Noah and Dylan both fell asleep on the way home from the mall this early afternoon. My Aunt Jeanie came up from Champaign for the day and we had a fun day together - that wore them out and they conked soon after we left. We came home and Noah woke up when the car stopped moving - so I had to bring him up with me (while Dylan slept downstairs in the car with Jeanie). I knew he was still tired, but awake enough to be mad about being put in his crib - I knew that wouldn't work. So, we laid on the couch together, cuddling, and he dozed on and off for about 45 minutes.
I am grateful for cuddling.
Did I already do this one? Gee, I need to have a list that I can consult because it's very likely I've said this before. But, if I don't remember it, hopefully no one else will. And really, if you're going to have a duplicate, an emphasis on cuddling is a good one.
I used to be a huge cuddler, but something about having two children who nursed a lot, slept in our bed a lot (butted up next to me nonetheless) kind of cuddled me out. At least when I sleep, I don't want bodies touching me anymore.
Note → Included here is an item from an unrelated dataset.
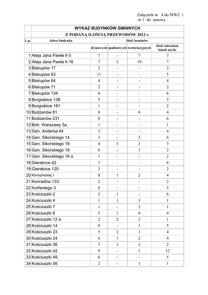 Załącznik nr 4 do SIWZ i nr 1 do umowy WYKAZ BUDYNKÓW GMINNYCH Z PODANĄ ILOŚCIĄ PRZEWODÓW 2012 r. L.p. Adres budynku Ilość kominów dymowych spalinowych wentylacyjnych Ilość mieszkań, lokali uŜytk. 1 Aleja Jana Pawła II 5 2 Aleja Jana Pawła II 16 7 7 2 7 10 7 7 3 Biskupów 17 4 Biskupów 63 5 Biskupów 64 6 Biskupów 71 2 11 4 2 - - 2 5 4 2 7 Biskupów 134 8 Burgrabice 138 9 Burgrabice 181 10 Bodzanów 81 4 5 1 8 8 - 4 - 6 5 2 4 6 1 3 3 4 3 5 3 1 4 6 3 6 1 3 2 - 1 - 2 2 6 2 8 2 8 5 1 1 1 1 2 1 4 2 5 6 1 1 - 2 1 28 Kościuszki 14 29 Kościuszki 23 30 Kościuszki 24 5 2 8 5 6 1 2 2 1 4 2 1 1 2 4 1 5 4 4 31 Kościuszki 36 32 Kościuszki 42 33 Kościuszki 49 34 Kościuszki 56 3 9 6 2 1 - 1 1 1 2 12 5 1 11 Bodzanów 231 12 Boh. Warszawy 3a 13 Gen. Andersa 64 14 Gen. Sikorskiego 14 15 Gen. Sikorskiego 16 16 Gen. Sikorskiego 18 17 Gen. Sikorskiego 18 a 18 Gierałcice 42 19 Gierałcice 120 20 Konopnickiej 1 21 Konradów 133 22 Korfantego 3 23 Kościuszki 2 24 Kościuszki 4 25 Kościuszki 7 26 Kościuszki 8 27 Kościuszki 12 a Załącznik nr 4 do SIWZ i nr 1 do umowy 35 Kościuszki 58 3 - 1 4 36 Kościuszki 60 37 Kościuszki 61 38 Kościuszki 80 39 Kościuszki 82 Kraszewskiego 27 (9 40 mieszk.+1 lok.uŜytk) 41 Kraszewskiego 27 a 42 Ligonia 5 5 6 6 5 1 2 2 2 1 4 5 2 6 6 7 6 - 1 13 10 40 6 - 19 2 17 5 43 Ligonia 6 44 Ligonia 13 45 Mickiewicza 2 a 46 Mickiewicza 10 9 7 1 41 - 1 3 1 19 7 8 1 17 47 Nowy Świętów 37 a 48 Nowy Świętów 88 49 Opolska 7 50 Opolska 12 51 Opolska 13 17 4 4 2 4 - 4 3 11 4 3 3 5 52 Opolska 39 53 Opolska 39 a 54 Podlesie 54 55 Podlesie 55 4 2 8 10 1 - 6 - 7 2 5 5 56 Podlesie 81 57 Podlesie 84 58 Podlesie 86 59 Podlesie 86 a 2 4 3 3 6 6 - 2 3 4 2 5 4 2 5 10 4 8 5 4 6 9 3 3 2 1 1 1 1 10 2 3 1 4 5 2 2 2 3 3 5 - 2 2 1 1 5 3 - - 2 60 Podlesie 87 61 Polski Świętów 18 B 62 Powstańców Śląskich. 9 63 Prymasa Wyszyńskiego 14 64 Rynek 10 65 Rynek 16 66 Rynek 35 a 67 Rynek 37 68 Skłodowskiej 42 69 Skłodowskiej 46 a 70 Skłodowskiej 48 a 71 Skłodowskiej 52 72 Sławniowice 24 Załącznik nr 4 do SIWZ i nr 1 do umowy 73 Sławniowice 69 9 - - 4 74 Sławniowice 92 75 Sławniowice 100 D 76 Sławniowice 100 I 77 Sobieskiego 2 5 1 1 3 - 2 4 3 1 6 5 78 Sobieskiego 5 79 Sobieskiego 15 80 Strz. Bytomskich 2 81 Strz. Bytomskich 6 3 9 3 9 1 - 4 4 5 5 6 5 8 82 Tylna 1 83 Stary Las 33 a 84 Stary Las 56 a 85 Jarnołtówek 109 2 1 1 6 1 1 2 2 2 1 1 1 86 Jarnołtówek 112 87 Damrota 13 Razem 3 - 1 2 2 1 1 469 35 190 375

But, now that my kids are four and two, the cuddles aren't as frequent anymore. No one is nursing, no one needs to be held, or carried in a sling, or nuzzled to sleep. So, my body is finally my body. My sleep is mostly my sleep. And now, I crave a good cuddle with my babies, who are not really babies anymore.
When I'm not trying to sleep (which would have been nice today, but he was too squirmy for me, the lightest sleeper on earth) - cuddling is the best. I love their little sweaty bodies mushed up against mine, deep breathing, hair tickling my cheek, dead weight on my chest.
I mourn for the last day that happens. When will it be, and when it comes will I know it is the last time?